• [What you need to do]:
From the first line to the last, copy the material exactly and leave the pictures out.

(The data)

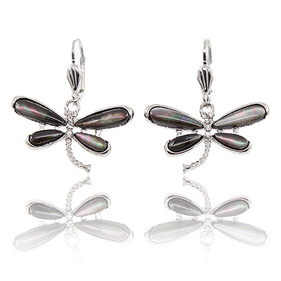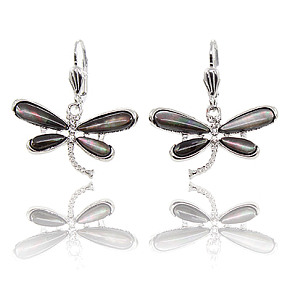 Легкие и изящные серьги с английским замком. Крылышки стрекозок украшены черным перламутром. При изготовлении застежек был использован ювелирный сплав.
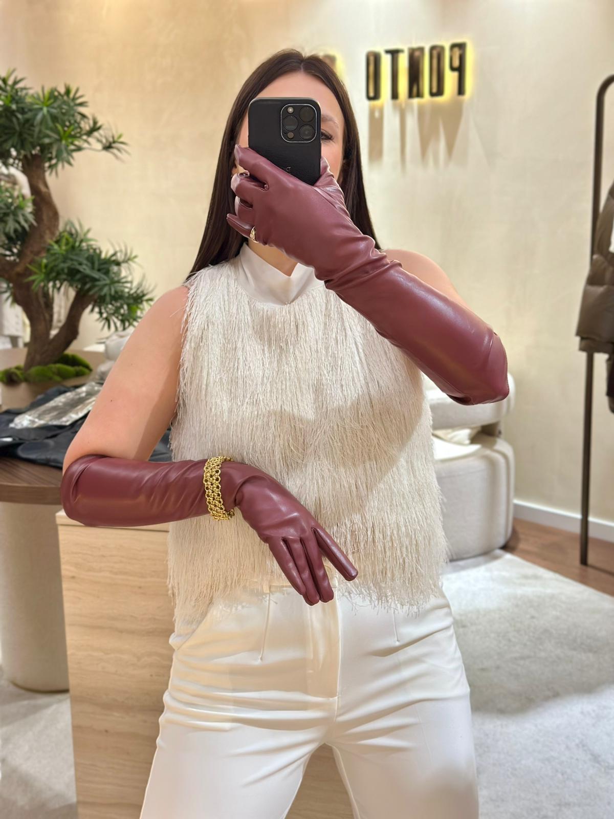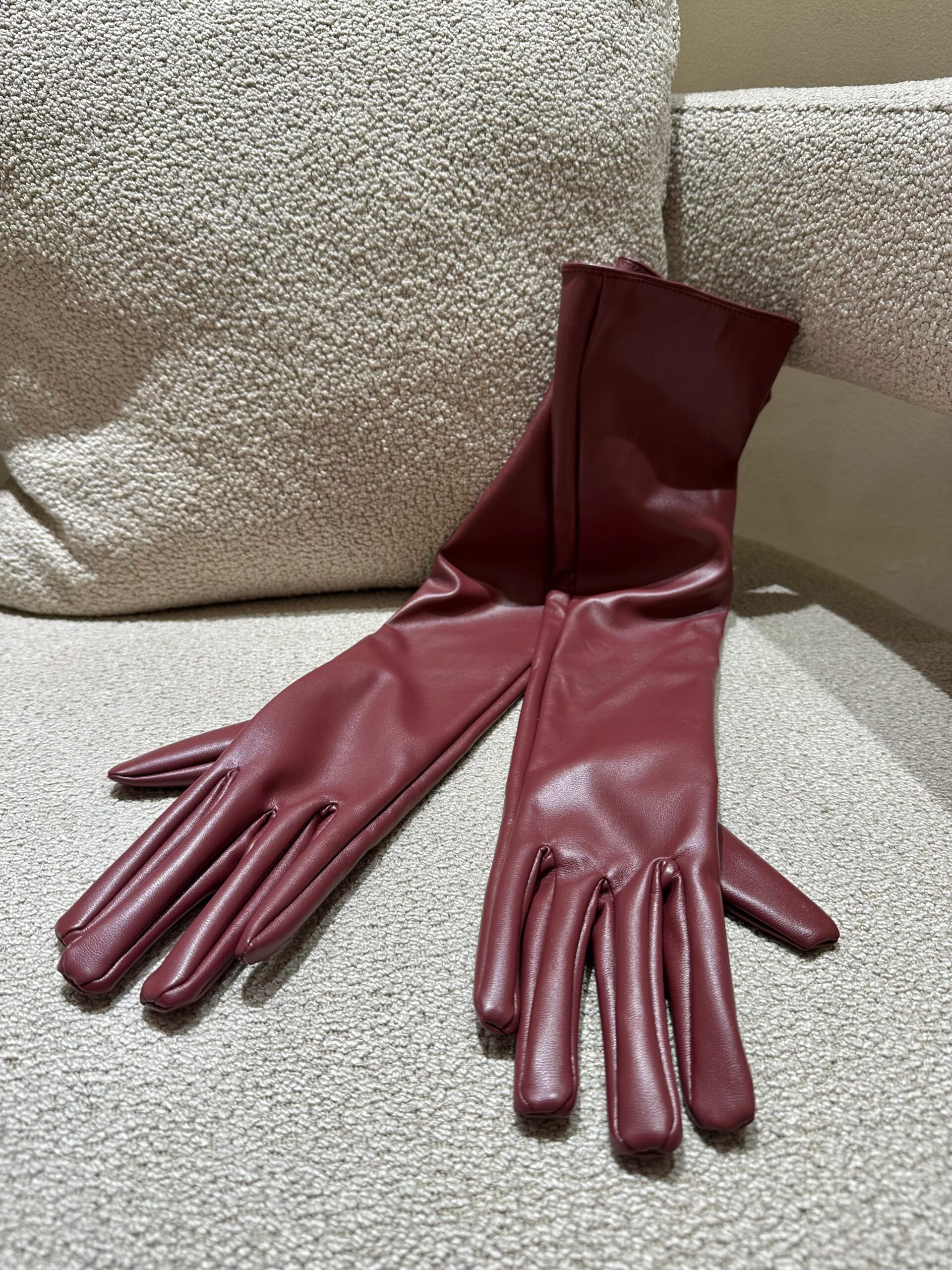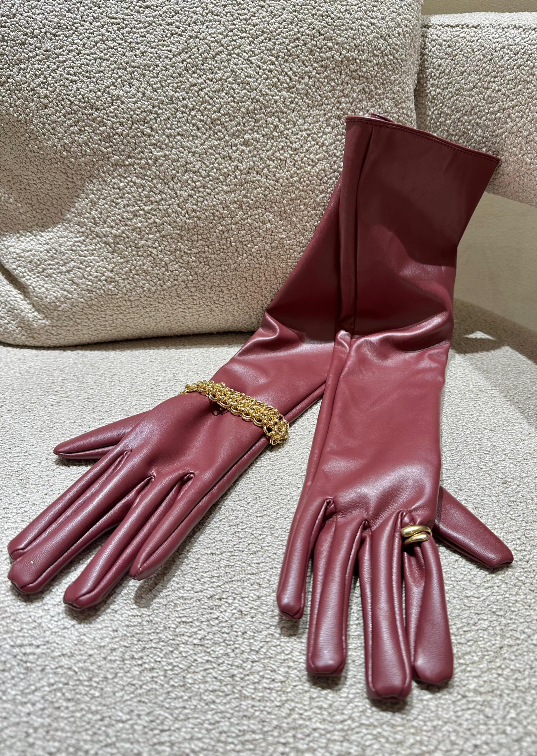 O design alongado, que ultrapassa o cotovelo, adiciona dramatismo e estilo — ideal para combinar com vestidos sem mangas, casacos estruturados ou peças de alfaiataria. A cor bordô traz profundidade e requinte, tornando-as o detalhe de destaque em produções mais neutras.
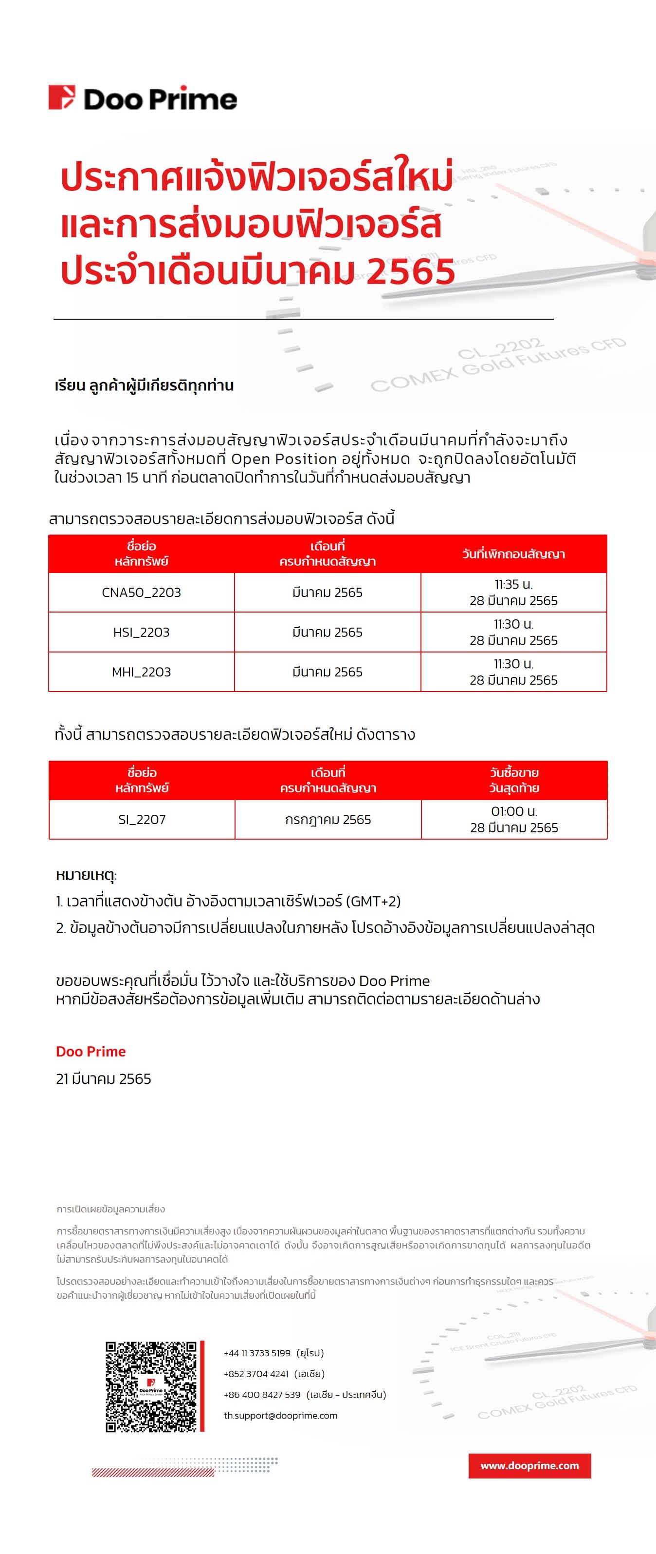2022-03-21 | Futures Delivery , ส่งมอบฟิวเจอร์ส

(End The data)

• [Written solution]:
 Легкие и изящные серьги с английским замком. Крылышки стрекозок украшены черным перламутром. При изготовлении застежек был использован ювелирный сплав.
 O design alongado, que ultrapassa o cotovelo, adiciona dramatismo e estilo — ideal para combinar com vestidos sem mangas, casacos estruturados ou peças de alfaiataria. A cor bordô traz profundidade e requinte, tornando-as o detalhe de destaque em produções mais neutras.
2022-03-21 | Futures Delivery , ส่งมอบฟิวเจอร์ส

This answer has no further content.